Given entries START

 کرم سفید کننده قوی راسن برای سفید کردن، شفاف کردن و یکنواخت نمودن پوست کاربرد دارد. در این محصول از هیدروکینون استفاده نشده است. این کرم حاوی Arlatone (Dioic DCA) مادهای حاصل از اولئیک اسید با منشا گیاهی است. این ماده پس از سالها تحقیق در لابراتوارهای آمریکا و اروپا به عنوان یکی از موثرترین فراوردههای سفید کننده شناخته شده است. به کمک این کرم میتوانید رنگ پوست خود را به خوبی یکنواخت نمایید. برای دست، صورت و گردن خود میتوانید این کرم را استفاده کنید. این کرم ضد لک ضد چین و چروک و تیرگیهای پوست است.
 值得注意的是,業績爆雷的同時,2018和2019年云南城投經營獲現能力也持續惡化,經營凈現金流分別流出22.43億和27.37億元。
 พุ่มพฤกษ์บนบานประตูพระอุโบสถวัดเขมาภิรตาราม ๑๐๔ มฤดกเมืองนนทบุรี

Given entries END
Given entries START

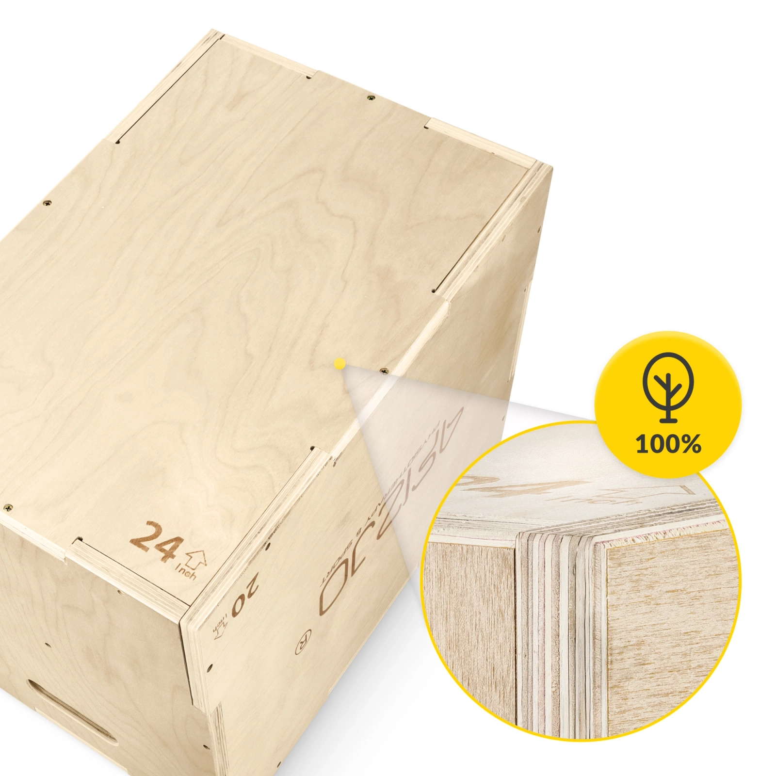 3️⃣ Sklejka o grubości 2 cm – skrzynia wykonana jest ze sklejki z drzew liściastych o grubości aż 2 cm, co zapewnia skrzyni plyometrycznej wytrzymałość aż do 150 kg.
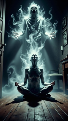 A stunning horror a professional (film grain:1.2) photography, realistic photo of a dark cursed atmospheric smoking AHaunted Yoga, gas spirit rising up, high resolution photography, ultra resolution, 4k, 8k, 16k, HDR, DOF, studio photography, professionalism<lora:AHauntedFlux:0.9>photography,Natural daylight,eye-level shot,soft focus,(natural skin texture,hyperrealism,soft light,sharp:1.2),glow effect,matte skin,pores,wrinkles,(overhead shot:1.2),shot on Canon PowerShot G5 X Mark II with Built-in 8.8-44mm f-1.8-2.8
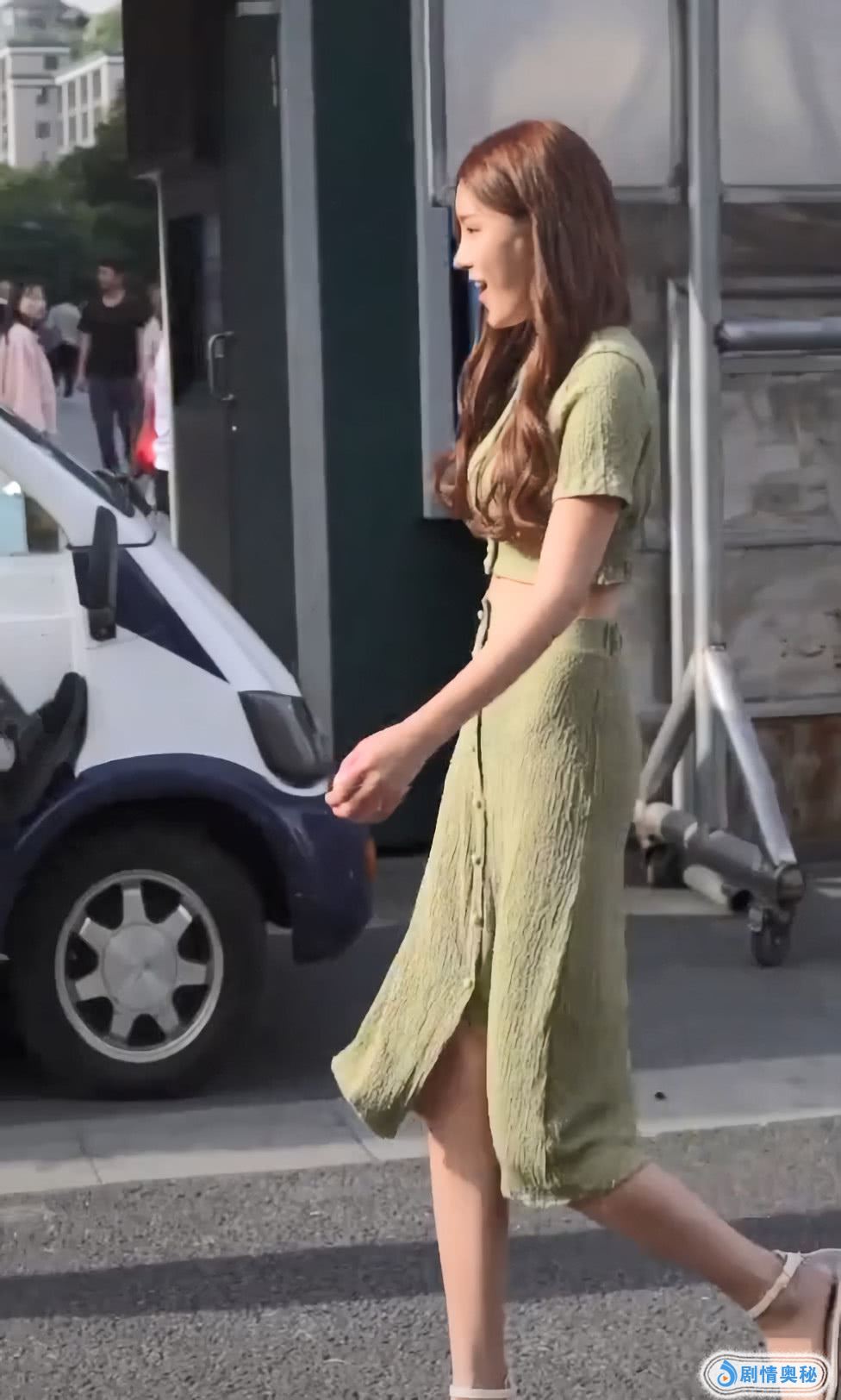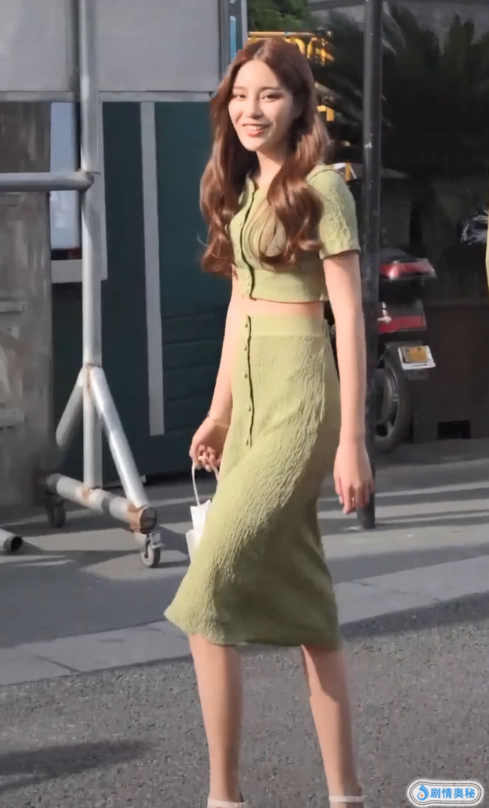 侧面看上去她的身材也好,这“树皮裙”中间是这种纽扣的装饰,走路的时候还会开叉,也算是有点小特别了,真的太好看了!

Given entries END

In the entries above, please find the line with "کرم سفید کننده" and the line with "พุ่มพฤกษ์บนบานประตูพระอุโบสถวัดเขมาภิรตาราม ๑๐๔ มฤดกเมืองนนทบุรี", then write out exactly those two lines and every line between them, and nothing more.

 کرم سفید کننده قوی راسن برای سفید کردن، شفاف کردن و یکنواخت نمودن پوست کاربرد دارد. در این محصول از هیدروکینون استفاده نشده است. این کرم حاوی Arlatone (Dioic DCA) مادهای حاصل از اولئیک اسید با منشا گیاهی است. این ماده پس از سالها تحقیق در لابراتوارهای آمریکا و اروپا به عنوان یکی از موثرترین فراوردههای سفید کننده شناخته شده است. به کمک این کرم میتوانید رنگ پوست خود را به خوبی یکنواخت نمایید. برای دست، صورت و گردن خود میتوانید این کرم را استفاده کنید. این کرم ضد لک ضد چین و چروک و تیرگیهای پوست است.
 值得注意的是,業績爆雷的同時,2018和2019年云南城投經營獲現能力也持續惡化,經營凈現金流分別流出22.43億和27.37億元。
 พุ่มพฤกษ์บนบานประตูพระอุโบสถวัดเขมาภิรตาราม ๑๐๔ มฤดกเมืองนนทบุรี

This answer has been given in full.